Oudijk Lindsey, de Krijger Ronald R, Rapa Ida, Beuschlein Felix, de Cubas Aguirre A, Dei Tos Angelo P, Dinjens Winand N M, Korpershoek Esther, Mancikova Veronika, Mannelli Massimo, Papotti Mauro, Vatrano Simona, Robledo Mercedes, Volante Marco
Department of Pathology (L.O., R.R.d.K., W.N.M.D., E.K.), Erasmus MC University Medical Center, 3015 CN Rotterdam, The Netherlands; Department of Pathology (R.R.d.K.), Reinier de Graaf Hospital, 2625 AD Delft, The Netherlands; Department of Oncology (I.R., M.P., S.V., M.V.), University of Turin at San Luigi Hospital, 10043 Orbassano, Turin, Italy; Endocrine Research Unit (F.B), Medizinische Klinik und Poliklinik IV, Klinikum der Universität München, D-81675 Munich, Germany; Hereditary Endocrine Cancer Group (A.A.d.C., V.M., M.R.), Spanish National Cancer Research Centre (CNIO), 28029 Madrid, Spain; Department of Pathology and Molecular Genetics (A.P.D.T.), General Hospital, 31100 Treviso, Italy; Department of Clinical Pathophysiology (M.M.), University of Florence, 50121 Florence Italy; and Centre for Biomedical Network Research on Rare Diseases (CIBERER) (M.R.), 28029 Madrid, Spain.
J Clin Endocrinol Metab. 2014 Jul;99(7):E1376-80. doi: 10.1210/jc.2013-3879. Epub 2014 Mar 31.
Somatic or germline mutations in up to 15 disease-causative genes are detectable in up to 50% of patients with pheochromocytoma (PCC) and paraganglioma (PGL). Very recently, somatic H-RAS mutations were identified by exome sequencing in approximately 7% in sporadic PCCs and PGLs, in association with male sex and benign behavior.
To explore the prevalence of RAS mutations in a cohort of 271 PCC and PGL from a European registry and to compare the genotype with clinical and pathological characteristics of potential clinical interest.
Genetic screening for hotspot mutations in H-, N-, and K-RAS genes was performed by means of Sanger sequencing or pyrosequencing methods on tumor DNA in a series of patients with (n = 107) or without (n = 164) germline or somatic PCC/PGL-related gene mutations.
Overall, H-RAS mutations were detected in 5.2% of cases (14/271), which were confined to sporadic PCCs resulting in a prevalence of 10% (14/140) in this cohort. In contrast, no mutations were found in PCC with PCC/PGL-related gene mutations (0/76) or in PGL (0/55) harboring or not mutations in PCC/PGL susceptibility genes. In this large series, H-RAS mutations in PCCs lacked any significant correlation with pathological or basic clinical endpoints.
Somatic H-RAS mutations are restricted to a relevant proportion of sporadic PCC. These findings provide the basis to study potential H-RAS-dependent correlations with long-term outcome data.
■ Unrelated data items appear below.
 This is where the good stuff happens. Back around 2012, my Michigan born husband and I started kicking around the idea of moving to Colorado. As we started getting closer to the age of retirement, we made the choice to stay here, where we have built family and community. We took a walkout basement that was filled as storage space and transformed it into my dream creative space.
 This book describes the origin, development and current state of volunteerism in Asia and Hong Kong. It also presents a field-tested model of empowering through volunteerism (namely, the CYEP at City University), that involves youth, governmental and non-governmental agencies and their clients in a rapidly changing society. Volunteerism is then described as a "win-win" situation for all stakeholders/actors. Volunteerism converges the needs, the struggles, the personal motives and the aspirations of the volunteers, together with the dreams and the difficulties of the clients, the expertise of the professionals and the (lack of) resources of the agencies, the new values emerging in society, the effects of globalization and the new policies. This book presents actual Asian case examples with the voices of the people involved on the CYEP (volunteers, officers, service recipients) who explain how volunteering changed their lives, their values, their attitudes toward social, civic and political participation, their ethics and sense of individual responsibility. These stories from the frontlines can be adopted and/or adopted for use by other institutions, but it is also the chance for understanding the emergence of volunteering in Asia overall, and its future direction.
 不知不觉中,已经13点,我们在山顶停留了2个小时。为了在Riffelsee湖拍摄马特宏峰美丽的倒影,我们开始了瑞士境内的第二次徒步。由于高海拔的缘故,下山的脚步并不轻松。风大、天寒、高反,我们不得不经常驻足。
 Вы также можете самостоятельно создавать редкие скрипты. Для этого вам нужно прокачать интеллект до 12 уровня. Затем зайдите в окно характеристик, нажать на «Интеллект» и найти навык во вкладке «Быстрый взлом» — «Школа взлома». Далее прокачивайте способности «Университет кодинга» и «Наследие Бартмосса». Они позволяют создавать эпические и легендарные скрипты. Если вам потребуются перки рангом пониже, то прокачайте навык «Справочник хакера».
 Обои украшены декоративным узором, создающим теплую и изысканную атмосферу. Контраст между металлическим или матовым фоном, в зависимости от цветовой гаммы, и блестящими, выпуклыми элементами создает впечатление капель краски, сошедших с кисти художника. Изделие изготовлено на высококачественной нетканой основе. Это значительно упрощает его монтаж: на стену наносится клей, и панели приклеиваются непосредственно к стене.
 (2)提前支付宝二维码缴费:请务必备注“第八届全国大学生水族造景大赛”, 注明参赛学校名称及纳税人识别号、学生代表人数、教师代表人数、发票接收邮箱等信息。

高达50%的嗜铬细胞瘤(PCC)和副神经节瘤(PGL)患者中可检测到多达15个致病基因的体细胞或种系突变。最近,通过外显子组测序在大约7%的散发性PCC和PGL中发现了体细胞H-RAS突变,这些突变与男性性别和良性行为有关。
探讨欧洲登记处271例PCC和PGL队列中RAS突变的发生率,并将基因型与潜在临床相关的临床和病理特征进行比较。
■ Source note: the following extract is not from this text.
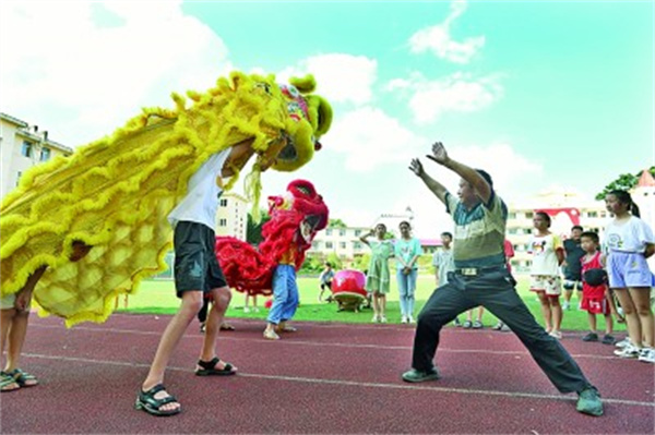 江西宜春市宜豐縣花橋鄉(xiāng)中心小學的學生在老師的帶領(lǐng)下學習舞獅的動作要領(lǐng)。周亮攝/光明圖片
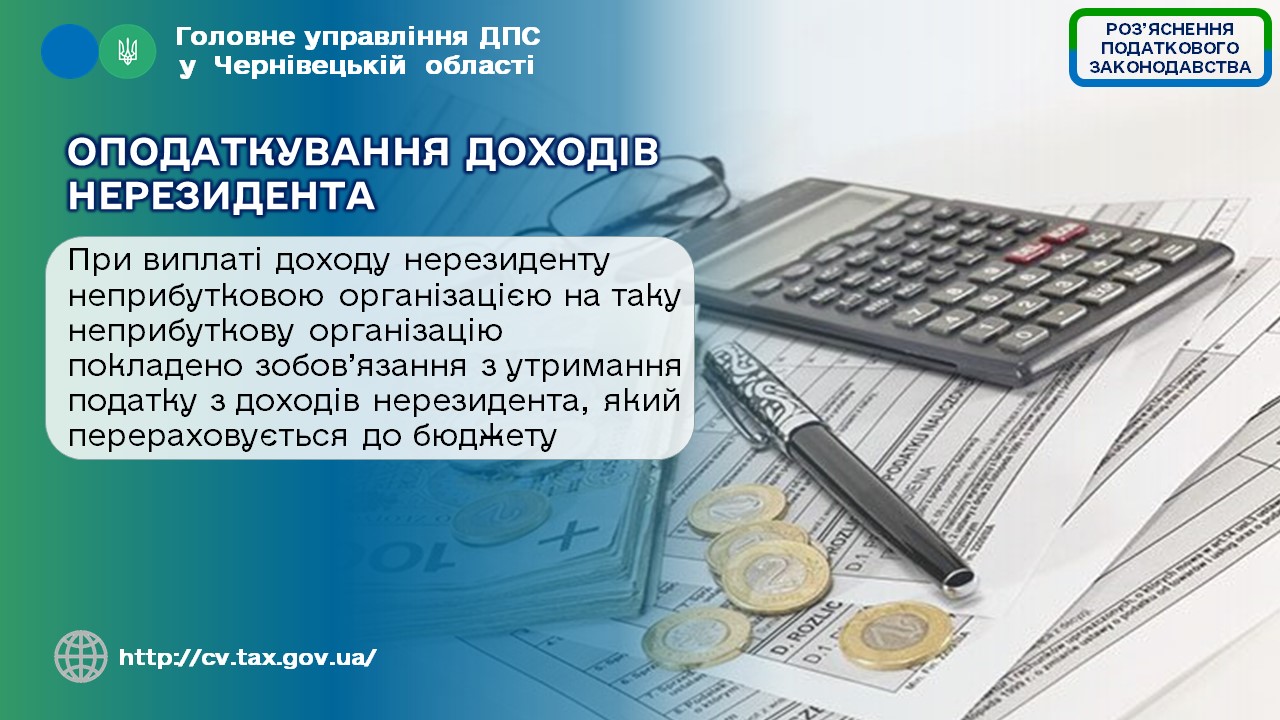 Фахівці Головного управління ДПС у Чернівецькій області нагадують, що відповідно до абзацу першого п.п. 141.4.2 п. 141.4 ст. 141 Податкового кодексу України від 02 грудня 2010 року № 2755-VI зі змінами та доповненнями (далі – ПКУ) резидент, у тому числі фізична особа підприємець, фізична особа, яка провадить незалежну професійну діяльність, або суб’єкт господарювання (юридична особа чи фізична особа підприємець), який обрав спрощену систему оподаткування, або інший нерезидент, який провадить господарську діяльність через постійне представництво на території України, які здійснюють на користь нерезидента або уповноваженої ним особи будь-яку виплату з доходу з джерелом його походження з України, отриманого таким нерезидентом (у тому числі на рахунки нерезидента, що ведуться в національній валюті), утримують податок з таких доходів, зазначених у п.п. 141.4.1 п. 141.4 ст. 141 ПКУ, за ставкою в розмірі 15 відс. (крім доходів, зазначених у підпунктах 141.4.3 –141.4.5 та 141.4.11 п. 141.4 ст. 141 ПКУ) їх суми та за їх рахунок, що сплачується до бюджету під час такої виплати, якщо інше не передбачено положеннями міжнародних договорів України з країнами резиденції осіб, на користь яких здійснюються виплати, що набрали чинності. Вимоги цього абзацу не застосовуються до доходів нерезидентів, що отримуються ними через їх постійні представництва на території України.

采用桑格测序法或焦磷酸测序法,对一系列有(n = 107)或无(n = 164)种系或体细胞PCC/PGL相关基因突变的患者的肿瘤DNA进行H、N和K-RAS基因热点突变的基因筛查。
总体而言,5.2%的病例(14/271)检测到H-RAS突变,这些突变仅限于散发性PCC,在该队列中的患病率为10%(14/140)。相比之下,在具有PCC/PGL相关基因突变的PCC(0/76)或具有或不具有PCC/PGL易感基因突变的PGL(0/55)中未发现突变。在这个大型队列中,PCC中的H-RAS突变与病理或基本临床终点无显著相关性。
体细胞H-RAS突变仅限于一定比例的散发性PCC。这些发现为研究潜在的H-RAS依赖性与长期预后数据的相关性提供了基础。